Grant is a town in Monroe County, Wisconsin, United States. The population was 469 at the 2020 census.

==Geography==
According to the United States Census Bureau, the town has a total area of 35.9 square miles (93.0 km^{2}), of which 35.7 square miles (92.6 km^{2}) is land and 0.2 square mile (0.4 km^{2}) (0.45%) is water.

==Demographics==
As of the census of 2000, there were 483 people, 173 households, and 130 families residing in the town. The population density was 13.5 people per square mile (5.2/km^{2}). There were 211 housing units at an average density of 5.9 per square mile (2.3/km^{2}). The racial makeup of the town was 99.79% White and 0.21% Asian.

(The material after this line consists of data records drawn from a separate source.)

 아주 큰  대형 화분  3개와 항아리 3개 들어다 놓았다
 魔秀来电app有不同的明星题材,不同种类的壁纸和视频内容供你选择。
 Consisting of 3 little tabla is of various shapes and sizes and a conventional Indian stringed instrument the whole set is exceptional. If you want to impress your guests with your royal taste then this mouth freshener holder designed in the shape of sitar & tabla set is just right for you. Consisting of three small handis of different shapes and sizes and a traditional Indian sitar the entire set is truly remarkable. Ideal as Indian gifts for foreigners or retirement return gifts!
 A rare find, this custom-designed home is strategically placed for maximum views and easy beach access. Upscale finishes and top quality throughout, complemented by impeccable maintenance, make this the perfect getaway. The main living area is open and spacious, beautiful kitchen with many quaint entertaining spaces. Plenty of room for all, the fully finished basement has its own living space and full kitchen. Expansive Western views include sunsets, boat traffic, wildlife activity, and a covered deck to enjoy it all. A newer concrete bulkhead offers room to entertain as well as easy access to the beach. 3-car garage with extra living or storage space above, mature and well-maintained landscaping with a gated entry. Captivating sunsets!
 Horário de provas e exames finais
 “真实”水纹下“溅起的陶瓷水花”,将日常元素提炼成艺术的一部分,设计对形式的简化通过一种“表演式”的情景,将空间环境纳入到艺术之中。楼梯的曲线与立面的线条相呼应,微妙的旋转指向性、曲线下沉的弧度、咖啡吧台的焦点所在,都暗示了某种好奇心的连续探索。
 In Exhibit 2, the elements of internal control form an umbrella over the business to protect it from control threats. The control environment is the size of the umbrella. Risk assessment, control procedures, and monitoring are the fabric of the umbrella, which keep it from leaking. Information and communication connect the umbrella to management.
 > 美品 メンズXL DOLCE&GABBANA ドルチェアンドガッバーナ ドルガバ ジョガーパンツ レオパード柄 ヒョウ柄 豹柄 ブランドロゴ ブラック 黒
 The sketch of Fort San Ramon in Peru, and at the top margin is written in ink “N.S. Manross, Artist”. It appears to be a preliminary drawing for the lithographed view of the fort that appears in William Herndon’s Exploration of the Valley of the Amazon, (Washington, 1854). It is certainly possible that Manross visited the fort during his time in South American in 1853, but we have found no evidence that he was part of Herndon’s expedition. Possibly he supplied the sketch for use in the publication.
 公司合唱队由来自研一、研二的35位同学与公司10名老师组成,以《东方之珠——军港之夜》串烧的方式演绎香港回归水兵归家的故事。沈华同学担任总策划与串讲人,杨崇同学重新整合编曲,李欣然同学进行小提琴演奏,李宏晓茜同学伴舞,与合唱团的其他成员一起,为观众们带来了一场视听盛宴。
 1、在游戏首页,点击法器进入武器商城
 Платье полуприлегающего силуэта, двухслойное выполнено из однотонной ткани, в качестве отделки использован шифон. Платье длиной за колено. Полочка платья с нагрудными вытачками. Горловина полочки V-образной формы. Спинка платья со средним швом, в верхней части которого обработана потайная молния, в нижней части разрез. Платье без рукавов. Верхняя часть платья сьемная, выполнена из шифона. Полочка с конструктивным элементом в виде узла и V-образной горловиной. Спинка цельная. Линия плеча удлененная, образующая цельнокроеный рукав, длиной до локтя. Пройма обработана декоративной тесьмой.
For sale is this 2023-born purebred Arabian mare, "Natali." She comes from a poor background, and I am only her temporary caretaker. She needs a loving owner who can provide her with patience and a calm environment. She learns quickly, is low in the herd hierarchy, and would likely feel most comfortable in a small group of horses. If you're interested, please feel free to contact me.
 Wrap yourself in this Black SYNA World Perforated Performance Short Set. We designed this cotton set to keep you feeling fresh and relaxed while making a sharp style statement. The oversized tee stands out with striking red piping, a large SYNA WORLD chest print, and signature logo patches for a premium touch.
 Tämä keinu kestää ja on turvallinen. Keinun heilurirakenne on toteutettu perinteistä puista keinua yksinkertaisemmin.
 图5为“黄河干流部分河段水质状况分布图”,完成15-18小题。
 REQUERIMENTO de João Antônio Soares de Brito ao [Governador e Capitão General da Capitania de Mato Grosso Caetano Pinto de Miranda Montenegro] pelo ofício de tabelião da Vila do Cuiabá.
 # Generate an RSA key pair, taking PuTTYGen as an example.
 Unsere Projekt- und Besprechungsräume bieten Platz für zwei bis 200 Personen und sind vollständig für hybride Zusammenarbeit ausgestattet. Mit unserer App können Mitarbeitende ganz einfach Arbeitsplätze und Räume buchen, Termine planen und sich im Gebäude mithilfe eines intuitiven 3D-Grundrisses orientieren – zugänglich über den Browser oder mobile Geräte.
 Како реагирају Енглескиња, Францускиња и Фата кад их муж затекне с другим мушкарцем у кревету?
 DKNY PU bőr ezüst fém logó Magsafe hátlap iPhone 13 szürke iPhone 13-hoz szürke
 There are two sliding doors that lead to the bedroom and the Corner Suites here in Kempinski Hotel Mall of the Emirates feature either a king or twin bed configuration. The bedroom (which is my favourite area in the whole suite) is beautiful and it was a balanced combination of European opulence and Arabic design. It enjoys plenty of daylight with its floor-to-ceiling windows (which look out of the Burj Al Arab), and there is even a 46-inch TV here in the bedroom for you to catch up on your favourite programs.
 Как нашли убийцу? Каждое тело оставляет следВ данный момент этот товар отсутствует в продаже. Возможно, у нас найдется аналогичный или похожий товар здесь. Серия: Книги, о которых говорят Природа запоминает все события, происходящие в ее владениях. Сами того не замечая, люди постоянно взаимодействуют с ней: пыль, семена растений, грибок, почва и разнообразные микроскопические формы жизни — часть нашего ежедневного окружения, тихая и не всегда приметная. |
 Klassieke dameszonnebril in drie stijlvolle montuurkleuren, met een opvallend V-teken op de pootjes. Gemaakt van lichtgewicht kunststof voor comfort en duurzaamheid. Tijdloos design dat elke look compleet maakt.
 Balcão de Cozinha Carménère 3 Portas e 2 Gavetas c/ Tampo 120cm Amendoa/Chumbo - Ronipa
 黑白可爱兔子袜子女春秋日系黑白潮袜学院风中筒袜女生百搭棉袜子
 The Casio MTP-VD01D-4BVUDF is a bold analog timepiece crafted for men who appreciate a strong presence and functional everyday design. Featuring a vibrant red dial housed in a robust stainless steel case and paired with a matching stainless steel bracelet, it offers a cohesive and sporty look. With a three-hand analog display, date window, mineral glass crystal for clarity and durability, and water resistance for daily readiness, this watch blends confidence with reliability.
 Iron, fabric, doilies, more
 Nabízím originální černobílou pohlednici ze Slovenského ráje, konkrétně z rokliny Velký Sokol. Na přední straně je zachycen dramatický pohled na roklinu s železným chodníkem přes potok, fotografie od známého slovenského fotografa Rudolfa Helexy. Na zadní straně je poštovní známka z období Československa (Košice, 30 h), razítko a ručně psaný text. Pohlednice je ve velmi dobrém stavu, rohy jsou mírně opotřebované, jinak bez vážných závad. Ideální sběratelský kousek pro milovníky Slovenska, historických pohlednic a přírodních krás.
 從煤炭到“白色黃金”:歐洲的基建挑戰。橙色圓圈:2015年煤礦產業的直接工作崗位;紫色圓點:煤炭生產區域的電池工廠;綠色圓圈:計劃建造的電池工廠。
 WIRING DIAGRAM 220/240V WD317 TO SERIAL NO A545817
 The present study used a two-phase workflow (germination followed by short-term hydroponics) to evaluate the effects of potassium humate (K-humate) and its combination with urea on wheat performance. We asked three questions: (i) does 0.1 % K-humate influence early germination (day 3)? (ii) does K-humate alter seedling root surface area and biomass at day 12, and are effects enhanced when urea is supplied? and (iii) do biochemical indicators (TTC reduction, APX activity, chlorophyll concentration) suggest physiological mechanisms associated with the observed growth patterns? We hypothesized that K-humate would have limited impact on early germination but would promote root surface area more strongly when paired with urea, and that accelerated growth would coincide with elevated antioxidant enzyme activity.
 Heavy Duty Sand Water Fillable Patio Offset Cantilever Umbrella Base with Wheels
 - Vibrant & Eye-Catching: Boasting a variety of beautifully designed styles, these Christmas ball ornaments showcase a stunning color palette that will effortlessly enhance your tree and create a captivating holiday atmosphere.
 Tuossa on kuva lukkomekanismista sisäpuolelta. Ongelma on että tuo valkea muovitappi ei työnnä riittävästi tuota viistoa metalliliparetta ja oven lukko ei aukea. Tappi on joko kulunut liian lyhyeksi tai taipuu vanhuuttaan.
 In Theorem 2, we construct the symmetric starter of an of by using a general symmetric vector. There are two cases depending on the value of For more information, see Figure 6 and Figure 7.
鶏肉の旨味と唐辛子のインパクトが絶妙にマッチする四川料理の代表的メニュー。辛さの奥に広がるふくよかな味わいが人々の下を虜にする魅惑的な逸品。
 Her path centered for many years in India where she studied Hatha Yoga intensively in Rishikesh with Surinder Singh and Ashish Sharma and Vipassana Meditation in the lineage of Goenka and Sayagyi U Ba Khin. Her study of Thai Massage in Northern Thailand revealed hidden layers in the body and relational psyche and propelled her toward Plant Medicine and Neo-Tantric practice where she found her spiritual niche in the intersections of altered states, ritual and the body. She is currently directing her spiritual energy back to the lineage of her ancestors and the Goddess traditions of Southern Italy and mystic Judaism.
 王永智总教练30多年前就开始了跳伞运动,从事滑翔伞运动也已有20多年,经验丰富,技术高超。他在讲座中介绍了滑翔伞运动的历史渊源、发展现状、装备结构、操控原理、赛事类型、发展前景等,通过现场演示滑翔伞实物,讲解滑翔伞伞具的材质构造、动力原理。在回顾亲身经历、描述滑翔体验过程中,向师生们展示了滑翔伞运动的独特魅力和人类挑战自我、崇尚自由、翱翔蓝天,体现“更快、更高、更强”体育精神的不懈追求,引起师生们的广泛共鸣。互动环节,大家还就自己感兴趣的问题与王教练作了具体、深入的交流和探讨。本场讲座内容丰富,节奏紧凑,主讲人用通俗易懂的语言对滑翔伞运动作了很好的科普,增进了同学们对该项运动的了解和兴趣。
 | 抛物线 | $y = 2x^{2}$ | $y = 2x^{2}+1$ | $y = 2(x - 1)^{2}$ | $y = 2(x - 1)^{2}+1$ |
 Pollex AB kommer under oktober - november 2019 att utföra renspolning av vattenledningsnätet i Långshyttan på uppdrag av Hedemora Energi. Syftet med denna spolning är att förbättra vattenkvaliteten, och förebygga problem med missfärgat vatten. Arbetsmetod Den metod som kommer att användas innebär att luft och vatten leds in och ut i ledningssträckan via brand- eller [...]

There were 173 households, out of which 33.5% had children under the age of 18 living with them, 64.2% were married couples living together, 6.9% had a female householder with no husband present, and 24.3% were non-families. 21.4% of all households were made up of individuals, and 6.9% had someone living alone who was 65 years of age or older. The average household size was 2.72 and the average family size was 3.12.

In the town, the population was spread out, with 26.1% under the age of 18, 6.8% from 18 to 24, 27.1% from 25 to 44, 29.2% from 45 to 64, and 10.8% who were 65 years of age or older. The median age was 40 years. For every 100 females, there were 101.3 males. For every 100 females age 18 and over, there were 105.2 males.

The median income for a household in the town was $43,456, and the median income for a family was $46,042. Males had a median income of $27,500 versus $24,583 for females. The per capita income for the town was $16,751. About 3.0% of families and 3.7% of the population were below the poverty line, including 5.4% of those under age 18 and none of those age 65 or over.